» **WORK INSTRUCTION**: With the images removed, write out every line below exactly.

» **AVAILABLE DATA**:
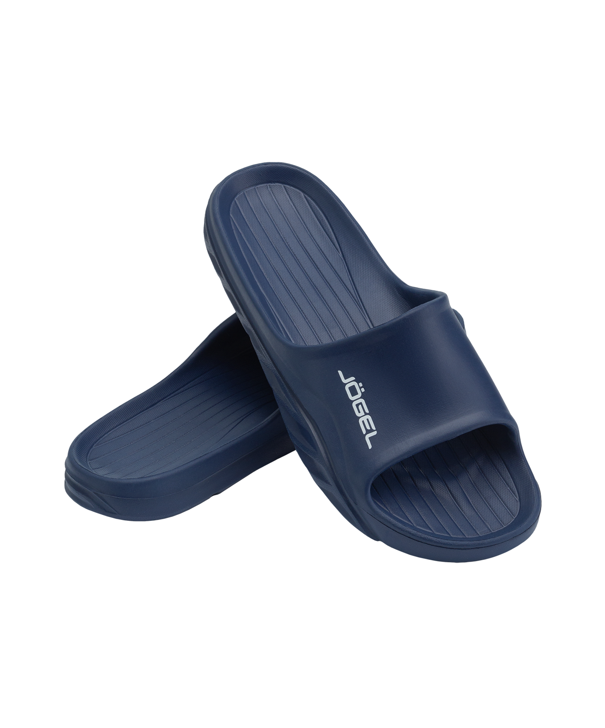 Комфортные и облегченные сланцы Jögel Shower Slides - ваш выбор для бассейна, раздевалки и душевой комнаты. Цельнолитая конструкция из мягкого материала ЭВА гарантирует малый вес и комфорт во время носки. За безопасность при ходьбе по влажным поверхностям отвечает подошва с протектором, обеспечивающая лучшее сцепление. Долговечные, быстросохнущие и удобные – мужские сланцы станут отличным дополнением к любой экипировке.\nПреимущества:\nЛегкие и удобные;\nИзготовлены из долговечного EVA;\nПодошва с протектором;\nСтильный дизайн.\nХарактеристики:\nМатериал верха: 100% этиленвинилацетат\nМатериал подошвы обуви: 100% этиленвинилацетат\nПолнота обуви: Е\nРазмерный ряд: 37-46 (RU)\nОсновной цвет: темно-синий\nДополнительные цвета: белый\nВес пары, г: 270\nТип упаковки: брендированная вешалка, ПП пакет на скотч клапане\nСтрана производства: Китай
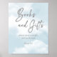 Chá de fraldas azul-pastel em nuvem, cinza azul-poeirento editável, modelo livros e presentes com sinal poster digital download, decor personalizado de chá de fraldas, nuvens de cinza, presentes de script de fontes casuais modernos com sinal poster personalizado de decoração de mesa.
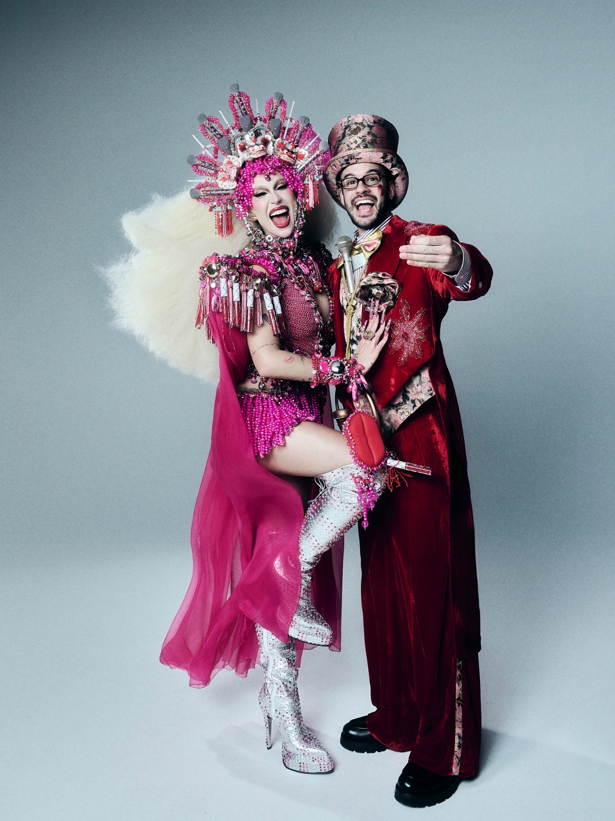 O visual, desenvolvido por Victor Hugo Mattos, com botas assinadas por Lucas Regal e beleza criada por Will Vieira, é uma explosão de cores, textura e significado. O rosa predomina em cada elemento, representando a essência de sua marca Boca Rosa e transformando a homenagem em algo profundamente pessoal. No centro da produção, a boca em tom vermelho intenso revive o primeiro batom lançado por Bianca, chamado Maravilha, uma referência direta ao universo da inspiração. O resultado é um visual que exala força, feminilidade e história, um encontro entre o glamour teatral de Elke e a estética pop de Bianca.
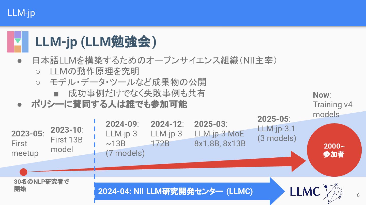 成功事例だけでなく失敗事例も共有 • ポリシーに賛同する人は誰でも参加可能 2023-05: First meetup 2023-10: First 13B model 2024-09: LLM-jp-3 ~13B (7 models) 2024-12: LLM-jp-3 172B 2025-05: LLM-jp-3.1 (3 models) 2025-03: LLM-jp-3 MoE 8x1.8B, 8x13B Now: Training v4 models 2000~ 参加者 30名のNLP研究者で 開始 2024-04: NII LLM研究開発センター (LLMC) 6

» **SOLUTION FOR THIS PROBLEM**:
 Комфортные и облегченные сланцы Jögel Shower Slides - ваш выбор для бассейна, раздевалки и душевой комнаты. Цельнолитая конструкция из мягкого материала ЭВА гарантирует малый вес и комфорт во время носки. За безопасность при ходьбе по влажным поверхностям отвечает подошва с протектором, обеспечивающая лучшее сцепление. Долговечные, быстросохнущие и удобные – мужские сланцы станут отличным дополнением к любой экипировке.\nПреимущества:\nЛегкие и удобные;\nИзготовлены из долговечного EVA;\nПодошва с протектором;\nСтильный дизайн.\nХарактеристики:\nМатериал верха: 100% этиленвинилацетат\nМатериал подошвы обуви: 100% этиленвинилацетат\nПолнота обуви: Е\nРазмерный ряд: 37-46 (RU)\nОсновной цвет: темно-синий\nДополнительные цвета: белый\nВес пары, г: 270\nТип упаковки: брендированная вешалка, ПП пакет на скотч клапане\nСтрана производства: Китай
 Chá de fraldas azul-pastel em nuvem, cinza azul-poeirento editável, modelo livros e presentes com sinal poster digital download, decor personalizado de chá de fraldas, nuvens de cinza, presentes de script de fontes casuais modernos com sinal poster personalizado de decoração de mesa.
 O visual, desenvolvido por Victor Hugo Mattos, com botas assinadas por Lucas Regal e beleza criada por Will Vieira, é uma explosão de cores, textura e significado. O rosa predomina em cada elemento, representando a essência de sua marca Boca Rosa e transformando a homenagem em algo profundamente pessoal. No centro da produção, a boca em tom vermelho intenso revive o primeiro batom lançado por Bianca, chamado Maravilha, uma referência direta ao universo da inspiração. O resultado é um visual que exala força, feminilidade e história, um encontro entre o glamour teatral de Elke e a estética pop de Bianca.
 成功事例だけでなく失敗事例も共有 • ポリシーに賛同する人は誰でも参加可能 2023-05: First meetup 2023-10: First 13B model 2024-09: LLM-jp-3 ~13B (7 models) 2024-12: LLM-jp-3 172B 2025-05: LLM-jp-3.1 (3 models) 2025-03: LLM-jp-3 MoE 8x1.8B, 8x13B Now: Training v4 models 2000~ 参加者 30名のNLP研究者で 開始 2024-04: NII LLM研究開発センター (LLMC) 6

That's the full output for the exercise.